Predict a Value Wizard: Configure Model
Modify Field Dialog: Prediction Model
Ä Note: The title of this page may be displayed as just Model to allow for more tabs to be displayed on this dialog.
This dialog appears in several forms. The Predict a Value Wizard allows you to create a new prediction field in a data series or in all data series in a portfolio or group. The Modify Field Dialog allows you to modify the properties of a previously created field. This page allows you to specify the general characteristics of the neural network used for the prediction.
Ä Note: Fields that are currently being used by the Solution Service cannot be modified.
& For help with predictions, see Predicting and Modeling Financial Data.
Selecting a Model Type
TradingSolutions includes over 50 neural network topologies which can be infinitely customized from within the software. In addition, custom neural network topologies can be created with NeuroSolutions and generated for use with TradingSolutions using the Custom Solution Wizard.
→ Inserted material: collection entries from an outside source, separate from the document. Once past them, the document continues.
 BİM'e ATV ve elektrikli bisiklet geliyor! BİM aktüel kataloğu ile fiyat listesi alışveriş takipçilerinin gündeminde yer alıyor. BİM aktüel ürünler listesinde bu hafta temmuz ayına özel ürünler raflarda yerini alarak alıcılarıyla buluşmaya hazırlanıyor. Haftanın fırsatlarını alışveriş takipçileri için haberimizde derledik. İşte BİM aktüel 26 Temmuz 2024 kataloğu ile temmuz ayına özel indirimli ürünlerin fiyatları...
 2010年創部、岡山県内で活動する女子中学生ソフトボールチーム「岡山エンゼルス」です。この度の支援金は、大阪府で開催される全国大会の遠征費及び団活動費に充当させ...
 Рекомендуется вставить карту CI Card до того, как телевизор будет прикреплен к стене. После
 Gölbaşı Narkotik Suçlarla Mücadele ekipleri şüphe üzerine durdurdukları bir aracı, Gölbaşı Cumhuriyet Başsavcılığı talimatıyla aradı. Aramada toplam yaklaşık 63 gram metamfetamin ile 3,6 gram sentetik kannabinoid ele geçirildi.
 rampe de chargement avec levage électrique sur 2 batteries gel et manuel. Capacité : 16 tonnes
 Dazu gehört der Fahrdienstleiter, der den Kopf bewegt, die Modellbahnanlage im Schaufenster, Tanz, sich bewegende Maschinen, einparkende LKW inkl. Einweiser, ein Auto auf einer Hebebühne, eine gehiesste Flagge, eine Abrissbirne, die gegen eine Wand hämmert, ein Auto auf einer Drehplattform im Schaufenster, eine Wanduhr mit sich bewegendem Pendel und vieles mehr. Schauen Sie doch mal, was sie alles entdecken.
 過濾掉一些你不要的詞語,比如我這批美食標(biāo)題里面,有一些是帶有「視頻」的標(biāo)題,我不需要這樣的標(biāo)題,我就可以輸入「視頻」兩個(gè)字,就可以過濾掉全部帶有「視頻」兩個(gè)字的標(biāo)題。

These two products are available in a bundle with TradingSolutions as the TradingSolutions Suite.
¨ Model Type
This option allows you to select the source of the neural network.
· Use built-in neural network.
This option uses a built-in neural network topology, which can be selected and configured using the Neural Network Model section.
· Use a Custom Solution Wizard generated DLL.
This option uses a neural network that was created using NeuroSolutions, then generated for use with TradingSolutions using the Custom Solution Wizard.
Selecting a Built-in Neural Network Topology
The selection of a neural network topology is a relatively abstract process. In theory, a more complex topology should be capable of learning more complex relationships than a simple one, but it will also be harder to train effectively. In addition, some neural models contain memory elements or recurrent loops, which may allow them to better predict relationships between values in time series.
To select a neural network topology, specify the values listed below. A thumbnail diagram of the current topology will be displayed as the values are updated. This is reduced scale version of the topology diagram on the Advanced Topology Settings Dialog.
¨ Neural Model
This value specifies the overall neural model of the topology. The topologies are listed by relative order of complexity.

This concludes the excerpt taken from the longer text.